Speculative theories with more than one time dimension have been explored in physics. The additional dimensions may be similar to conventional time, [1] compactified like the additional spatial dimensions in string theory, [2] or components of a complex time (sometimes referred to as kime). [3]

Itzhak Bars has proposed models of a two-time physics, noting in 2001 that "The 2T-physics approach in d + 2 dimensions offers a highly symmetric and unified version of the phenomena described by 1T-physics in d dimensions." [4] [5]

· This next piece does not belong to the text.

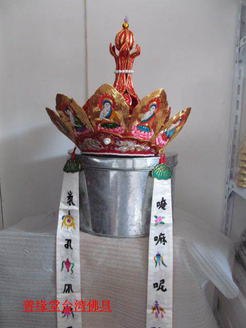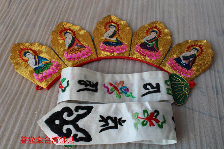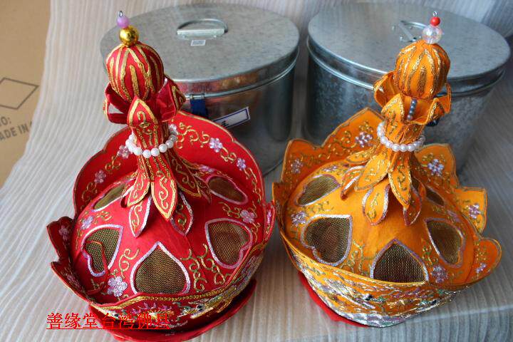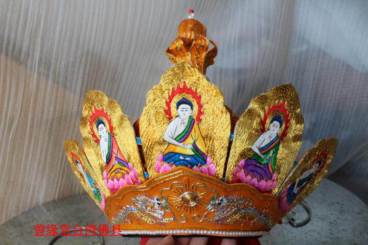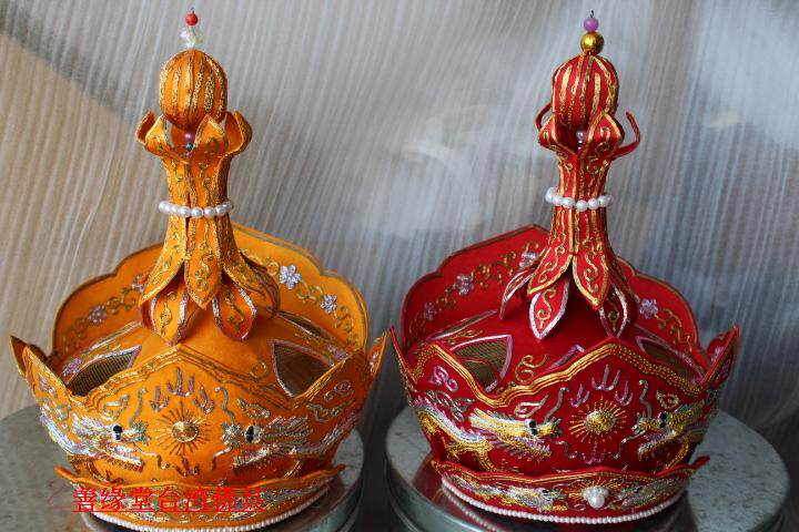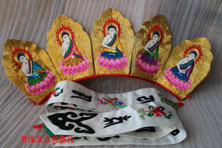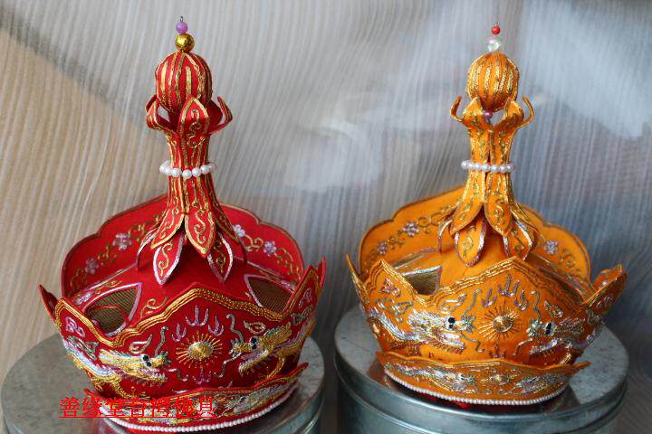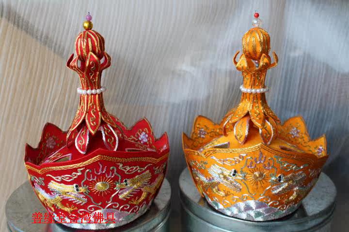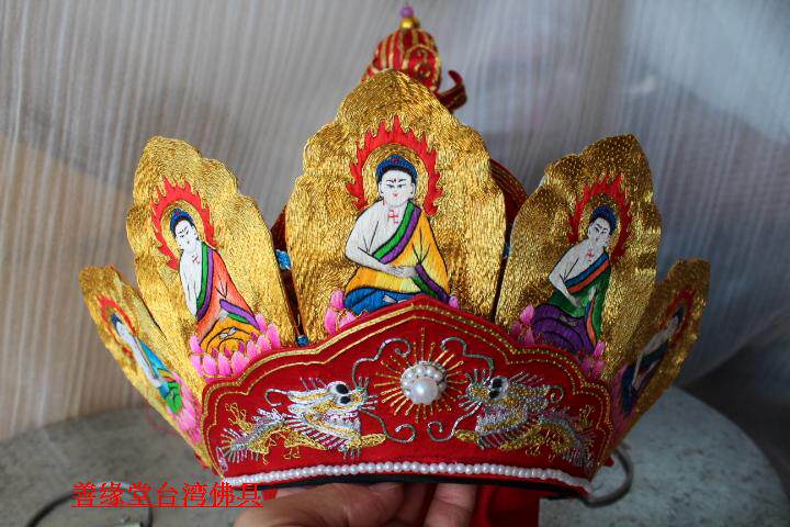 Pilu Hat пять Buddha Crown Su Вышивка ручной работы Piru Monk Monk Red Color] Мастер шляпа Пять Буддха Шляпа Буддийский храм

F-theory, a branch of modern string theory, describes a 12-dimensional spacetime having two dimensions of time, giving it the metric signature (10,2). [6]

The existence of a well-posed initial value problem for the ultrahyperbolic equation (a wave equation in more than one time dimension) demonstrates that initial data on a mixed (spacelike and timelike) hypersurface, obeying a particular nonlocal constraint, evolves deterministically in the remaining time dimension. [1]

Like other complex number variables, complex time is two-dimensional, comprising one real time dimension and one imaginary time dimension, changing time from a real number line into a complex plane. [3] Introducing it into Minkowski spacetime allows a generalization of Kaluza–Klein theory. [7]

Max Tegmark has argued that, if there is more than one time dimension, then the behavior of physical systems could not be predicted reliably from knowledge of the relevant partial differential equations. In such a universe, intelligent life capable of manipulating technology could not emerge. Moreover protons and electrons would be unstable and could decay into particles having greater mass than themselves. (This is not a problem if the particles have a sufficiently low temperature.) [8]

Philosophy

Multiple time dimensions appear to allow the breaking or re-ordering of cause-and-effect in the flow of any one dimension of time. This and conceptual difficulties with multiple physical time dimensions have been raised in modern analytic philosophy. [9]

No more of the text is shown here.